プラットフォーム:Nintendo Switch、PC

発売日:2021年6月3日発売

発売元:Devolver Digital

開発元:Terri Vellmann, Doseone

価格:Nintendo Switch/1520円[税込]、Steam/1700円[税込]

対象年齢:CERO 15歳以上対象

備考:ダウンロード専売

『SLUDGE LIFE』ニンテンドーeショップサイト

『SLUDGE LIFE』Steamサイト
 1980年代初頭のニューヨークを舞台に、ヒップホップ黎明期の熱気をグラフィティカルチャー中心に記録したドキュメンタリー映画『Style Wars』(スタイルウォーズ)。この映画の冒頭、グラフィティが人々にどう受け入れられていたのかについて、ナレーションはつぎのように説明する。
 「それをアートと捉える人もいるが 大半の人にとって 解決されることのない悩みの種であり 社会的コントロールが失われたことを象徴している」
 なるほど、確かにグラフィティをフィーチャーした異色のアクション・アドベンチャーゲーム『SLUDGE LIFE』の世界は見事なまでに「社会的コントロールが失われ」ている。

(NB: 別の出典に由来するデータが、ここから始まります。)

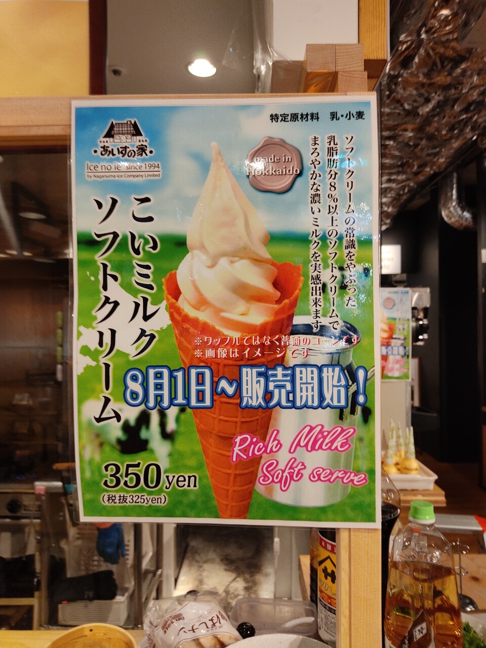 食後とくればデザートが欲しくなるもので 長沼街のあいすの家さんの こいミルクソフトクリーム (350円税込)をオーダーして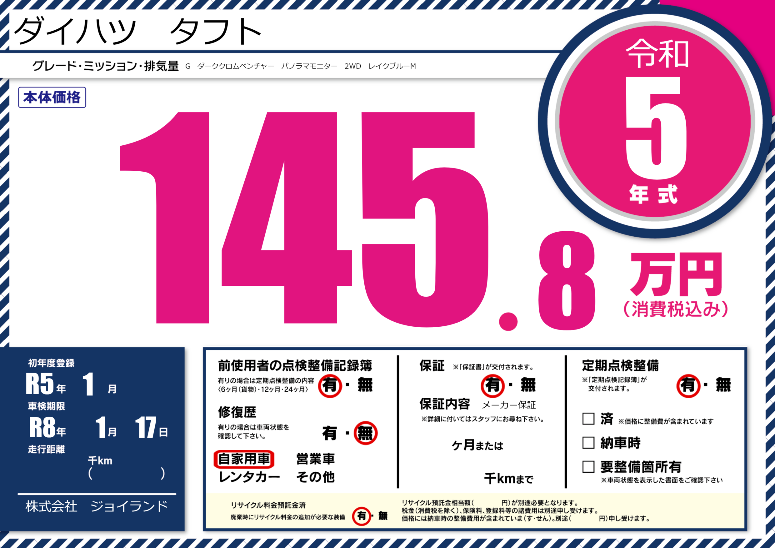 | 走行キロ | - | 初年度登録 | R5年1月 |

 舞台はヘドロ(SLUDGE)に囲まれ、公害物質によって汚染された島。ここは老若男女がところ構わずシギー(タバコ)を吸い、幻覚キノコの“ズーム”でトリップしてはゲロをまき散らし、仕事もせずにテレビに映るナメクジ(SLUG)をボケーッと眺め、野良犬がセメント袋と交尾をし、ハンバーガーショップはストライキ中(ただし残飯の持ち帰りはOK)で、住民と会話すれば「下のトイレにすげえデカイうんこがあったよな」みたいなことを嬉々として言ってくるような場所だ。
 なにもかもがサイテーで、気だるくて、未来がない。そんな『SLUDGE LIFE』の世界だが、居心地だけは妙にいい。
 この島の人たちはみんなどこかネジが外れているけれど基本的にはフレンドリー(一部はいきなり殴ってくるけど)だし、アレをやれコレをやれと指示してくることもないからだ。
 そしてゲームプレイの面においても、本作はプレイヤーに対してわかりやすい指示をしてこない。
“やるべきこと”はとくにないが“やれること”は自由だ

 ゲームを起動すると、くぐもったサウンドとともに画面にはノイズが走る歪んだPCのデスクトップが映し出される。いくつか並ぶアイコンの中から“PLAY”を選択した瞬間、画面はそのPCを操作していた主人公の視点に切り替わり、そのままゲームスタートだ。オープニングもチュートリアルもなしに、プレイヤーは薄汚い世界に放り出される。
 さて、なにをやればいいのか? 『SLUDGE LIFE』は一人称視点で“オープンワールド形式”を謳っているが、一般的なオープンワールドのようにマップは広くないし、行く手を阻む敵はいないので攻撃などのアクションはなく、ストーリー進行のために達成すべきミッションもない(ToDoリストはあるが、実績達成のための収集要素でしかない)。
 ハッキリ言って本作に“やるべきこと”はとくにない。だが、“やれること”はいろいろな意味で自由だ。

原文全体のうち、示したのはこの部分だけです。